Introducing levies beyond the proposed GST law, or increasing these beyond reasonable limits, would defeat the economic benefit of an integrated Value-added tax (VAT) regime. The fineprint of the model GST law shows that credit is not allowed in respect of all taxes paid under the model GST law. So, increasing such taxes would only increase the cost of goods or services available to ultimate consumers.
Chief Economic Advisor Arvind Subramanian’s views were echoed in Parliament when various MPs agreed that a high GST would effectively negate any benefit of the GST. This, in turn, would adversely affect startups that may not be able to absorb the burden of a high tax. For instance, the equalisation levy that is purportedly a tax on services received is enforced through the Finance Act and effectively denies the benefit of any credit under the model GST law or the existing Central VAT (Cenvat) credit Rules.
High consumption taxes incurred by startups and e-commerce entities will create a cascading effect and may deter consumers. India’s goods and services market is price-sensitive, quite elastic and without taking these factors into consideration, levy of high taxes can have an adverse impact of the India’s startup and e-commerce entities.
It is important that in an effort to raise revenue from a growing economy, taxes to be levied by the central and state governments are rationalised and all consumption taxes are subsumed in GST. Few things can be a dampener as finding in a post-GST regime remnants of a legacy tax regime that includes levies such as octroi, local cess and other local taxes. The government should also avoid taxing through the Finance Act. Such measures would defeat the economic and commercial objective behind a GST.
India’s taxation powers are shared between the Union government and state governments, and the Amendment Bill makes changes to these legislative powers. The Bill has deleted certain important legislative entries such as Entry 52 of List 2 (entry tax) and Entry 92C of List 1 (service tax), and amended others such as Entry 54 of List 2 (taxes on sale of petroleum, diesel, alcohol etc.). While the taxation powers of the state have been streamlined, it is imperative that for a GST to be successful, the central government will have to resist levying taxes through its residuary legislative powers in Entry 97 of List 1.
The Amendment Bill and GST may help reduce litigation on traditional dispute areas such as legislative powers of the central and state governments, since substantial taxation powers now vest with the former. However, if these powers are not efficiently exercised, GST may well lead to multiple taxes and more litigation on taxation powers.
For instance, while Entry 52 of List 2, which provides for the levy of entry tax, is deleted, the powers of the state government to impose taxes on goods under Entry 56 remains unaffected. The Amendment Bill has also omitted Entry 92 (taxes on advertisements in newspapers) and Entry 92C (service tax) of List 1.

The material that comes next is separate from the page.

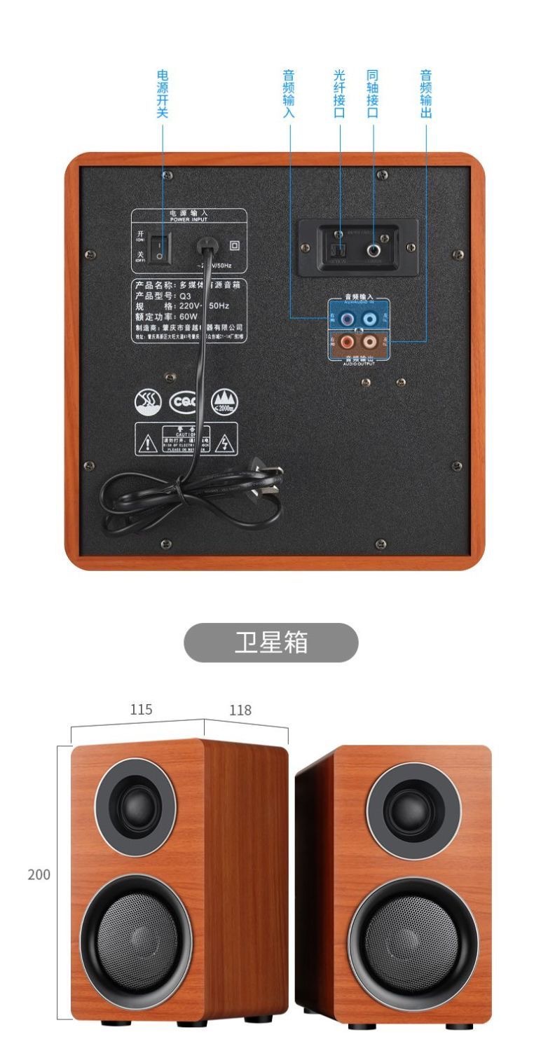 外形尺寸 | 主音箱尺寸260*260*260mm 衛星箱尺寸115*118*200mm |

This is disconcerting as it points to the central government resorting to residuary legislative powers in Entry 97 with more frequency. Entry 97 of List 1, provides for the residuary legislative powers (and plenary at that) of the Union government.
These changes to the legislative powers are crucial and integral to the Amendment Bill. It is important that Union and state legislatures respect these changes and the intent of the changes for the GST law to succeed. As every superhero knows, with great power comes great responsibility. And with great legislative power, comes even greater responsibility.
Continuing with taxes – such as an equalisation levy or a service tax administered via the Finance Act – would defeat the purpose of a centralised value added tax. Although there is no morality in taxation, such taxes would be constitutionally dishonest.
The hard part of a GST law – political consensus and constitutional amendments – is done. What is required now is the practical and commercial administration to ensure that the government doesn’t score an own-goal in raising revenues from GST. It is important that the Union and state governments cooperate. Having a high GST rate would make GST and existing taxes mathematically similar and defeat the purpose of GST.
Keeping the GST simple will also help in cost-effective administration. Ultimately, all of these will help in the government achieving its objective of maximising revenues through indirect taxes.